Landau and Lifshitz are also great, but too much wave-mechanics oriented for my taste. The traditional way of teaching quantum mechanics in terms of wave mechanics seems to leave the impression in students that quantum mechanics is mostly about energy-eigenvalue problems (time-independent Schrödinger equations), and the dynamical aspects are not fully understood.
I like Ballentine for exactly the reason, for which atyy dislikes it.
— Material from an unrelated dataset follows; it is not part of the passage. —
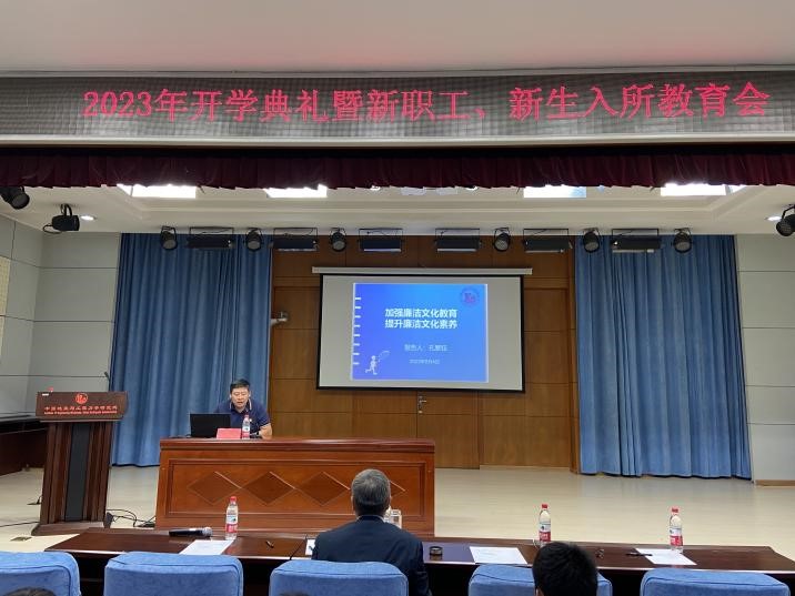 發布時間: 2023-09-05 點擊數量:120629月4日下午,我所舉行2023年新生開學典禮暨新職工、新生入所教育會,隆重歡迎150名新生入學和全體新同事入職。黨委書記、所長李山有,黨委副書記張孟平,紀委書記孔繁鈺,副所長張令心出席開學典禮,張令心主持典禮。

This only shows once more that the question of interpretation is not an objective part of the theory but very much due to the taste of each individual physicist, and you even can't decide, who's "right" or "wrong" on it, because everybody agrees on the predictions about observable phenomena, which is the only thing that really counts in physics, but I prefer the most simple interpretation (ensemble/minimal statistical) compared to interpretations that have additional elements, which are not really necessary but lead to large intrinsic (consistency) problems (like most flavors of Copenhagen with a collapse, with the exception of Bohr and his followers, who have an epistemic view on the quantum state) or add unobservable esoterics like Bohmian trajectories or Everet's parallel universes.
This shows that there are many philosophical problems, which I personally find very interesting, and I like to discuss them (not the leas in this forum :-)), but which on the other hand are (fortunately) not of much relevance for physics (let alone applied physics). E.g., it didn't matter much, which personal interpretation Shockley, Bardeen, and Brattain used when inventing the transistor ;-)).